A Johns Hopkins engineer co-led a team that has sequenced the genome of the world’s most widely used model plant species, Arabidopsis thaliana, at a level of detail never previously achieved. Up until now, regions of this genome—including centromeres, the spindles which guide chromosomes as an organism grows rapidly from one to trillions of cells—have remained uncharted territory, due to their complex structure. Now, for the first time, researchers have revealed the secrets of the Arabidopsis centromeres, shedding light on their evolution, and providing insights into a paradox that has mystified scientists for decades. Their results were published today in Science.
“In this study, we resolve the sequence and structure of the centromeres of the most-studied plant species for genetics research: the one which we use for understanding the genetics of rice or corn or wheat or tomatoes and beyond,” said Michael Schatz, Bloomberg Distinguished Professor of Computer Science and Biology at Johns Hopkins University, who co-led the study with Ian Henderson, head of the Genetic and Epigenetic Inheritance in Plants Group at the University of Cambridge. “And though the research was in plants, it certainly has implications for human genetics, and understanding how human cells grow and divide so precisely.” The study also included co-first-author Michael Alonge, who recently completed his PhD in the Department of Computer Science at Johns Hopkins Whiting School of Engineering, working with Schatz.

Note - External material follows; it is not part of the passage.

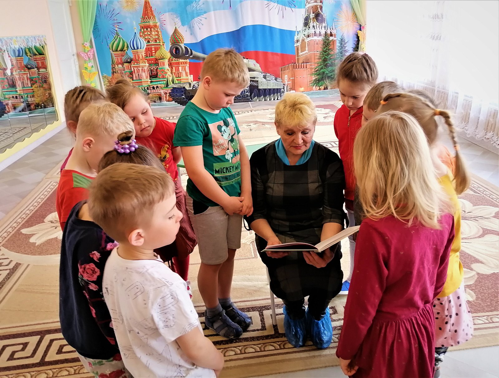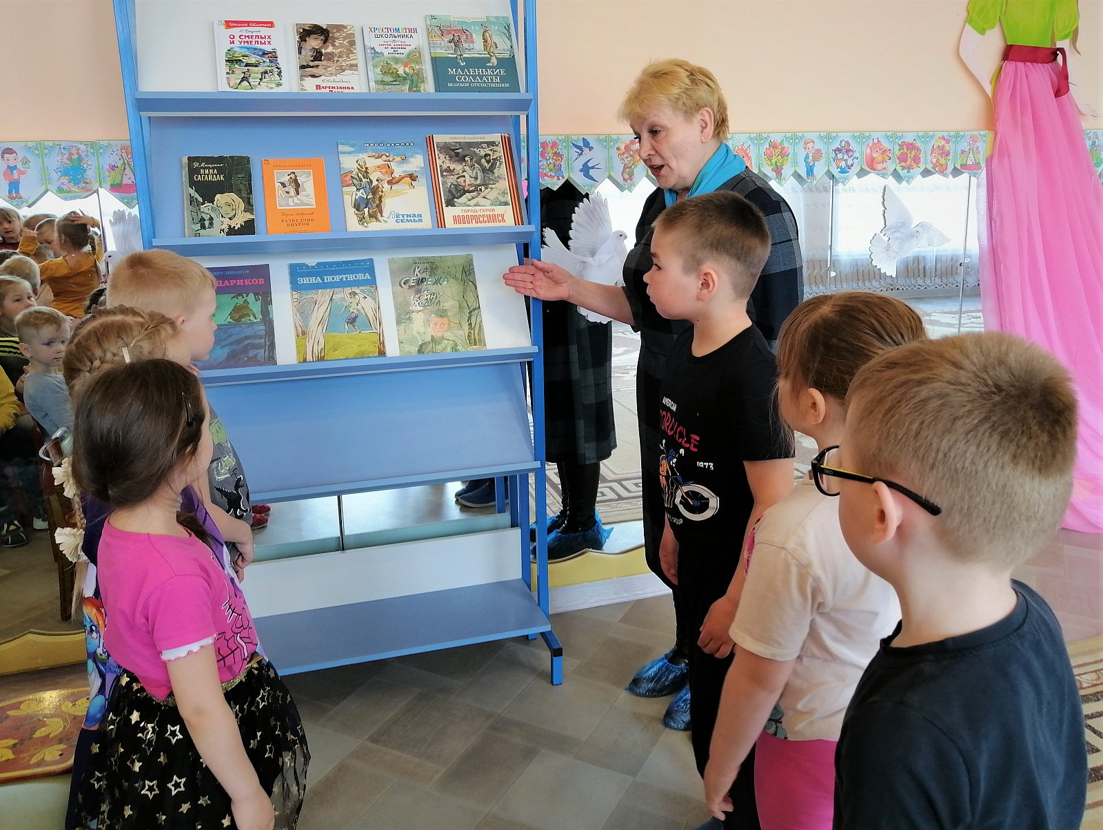 5 мая в детском саду состоялось мероприятие "Читаем детям о войне", подготовленное Лакинской детской библиотекой. Антонина Ивановна рассказала детям о героях Великой Отечественной войны, прочитала несколько рассказов Сергея Алексеева о войне. Ребята внимательно слушали и отвечали на вопросы по тексту. Большой интерес вызвала выставка книг о войне.
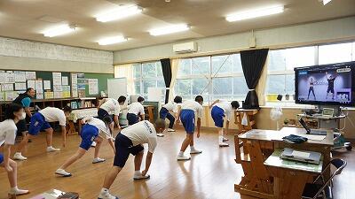 中学生体育の授業の様子です。10月3日の運動会に向けての練習が始まっています。本校の運動会では、昨年度から開会式の中の準備運動の体操は、中学生が創作しています。今日は、まずTVスクリーンで動画を見ながら細かな動きを確認しました。これからの小中学生合同の練習を通して、細かな動きを小学生にも指導していかなければなりません。まずは、指導する側の中学生がしっかり覚えられるといいですね。

Arabidopsis thaliana was adopted as a model plant due to its short generation time, small size, ease of growth and prolific seed production through self-pollination. Its fast life cycle and small genome make it well suited for genetics and to map key genes that underpin traits of interest. The small, flowering plant often found on roadsides has led to a multitude of discoveries, and, in 2000, it became the first plant to have its genome sequenced—except its centromeres, telomeres (a structure at the end of a chromosome), and a few other complex regions of the genome.
Since then, newer long-read sequencing technologies have advanced, allowing researchers to view the genome in greater than 100,000 nucleotide pieces, instead of 100 to 200 nucleotide pieces. This is thanks to the introduction of nanopore sequencing, which measures electrical current as nucleic acids are passed through a protein nanopore, a hollow structure inserted in a membrane. As DNA passes through the nanopore, different nucleic acid bases change the current in distinct ways. The resulting electrical signal is then decoded to provide the specific DNA sequence.
These data, combined with algorithmic advances that assemble the reads, means that solving the “genomic jigsaw puzzle” is suddenly possible in a way that it wasn’t previously. Critically, this also means that probing the genetic makeup of the centromere, which had previously proved to be a dead end due to its challenging structure, is now possible.
“It’s fantastic to be able to see into the centromeres for the first time and use this to understand their unusual modes of evolution,” Henderson says.
For decades, researchers have been trying to understand the paradox of how and why centromeric DNA evolves with extraordinary rapidity, while remaining stable enough to perform its job during cell division. In contrast, other ancient parts of the cell tend to be very slow evolving. This study, by revealing the genetic and epigenetic topography of Arabidopsis centromeres, marks a step change in our understanding of this paradox.
“What is amazing about it is all higher organisms use this process, including all 10 trillion cells in your body, as well as the quadrillions of cells in other plant and animal species. What is surprising about this is even though the function of centromeres was established and maintained over billions of years, the DNA sequence for centromeres is extremely variable; it’s actually one of the most variable parts of any genome,” Schatz says.
The study’s “maps” provide new insights into the “repeat ecosystem” found in the centromere, revealing an architecture of repeat arrays, which has implications for how they evolve and more. The authors’ model reveals that centromeres evolve via cycles of sequence duplication and diversification. The research team plans to use these maps as a foundation to understand how and why centromeres are evolving so rapidly.